6. Conclusion: Achieving Structural Balance Across Dense and Sparse Signal Paths
The hybrid reranking architecture implemented within the Navigator module provides a production-hardened blueprint for high-performance knowledge retrieval infrastructure. By combining a low-latency BM25-Proxy with a smoothed RRF rank gatekeeper, the system overcomes the structural limitations of bi-encoder embedding models, which often fail to resolve exact identifiers or system metrics when relying solely on semantic vector proximity.
By enforcing strict upstream Qdrant pre-filtering, the framework ensures absolute data isolation across tenant boundaries without introducing processing friction.
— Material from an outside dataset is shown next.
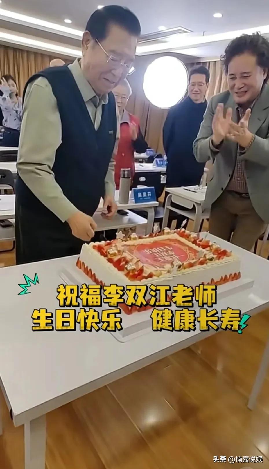 著名的男高音歌唱家李双江,87岁生日,他的学生和圈子里的好友现身为他庆祝。 他穿着一件绿色长袖军衣配针织背心,戴着老花镜,身形有点弯,头发染成了黑色,看着精神不少。 桌子上摆放着一个蛋糕,上面写着: 一代歌王,李双江 ,生日快乐🎂 徒弟戴玉强帮着切蛋糕,老婆梦鸽在一旁唱生日歌,为他庆祝。 画面看着挺温馨的,李双江自己心情也挺好的,。自从小儿子出来后,他的状态明显比以前好多了。
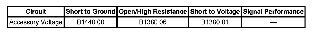 When the vehicle operator places the ignition switch in the ACC or RUN position, the switch supplies B+ to the BCM accessory voltage input terminal. If this circuit becomes shorted to B+, ground or the circuit opens, DTC B1380 will set.

Furthermore, leveraging an in-process (In-Process) deployment model for cross-encoder inference limits deep learning execution latency to under 50 milliseconds for the final top_k payload selection. For Chief Information Security Officers (CISOs) and AI Platform Architects balancing strict regulatory compliance with rigorous precision requirements, this multi-stage retrieval specification provides a dependable solution for enterprise-grade secure RAG operations.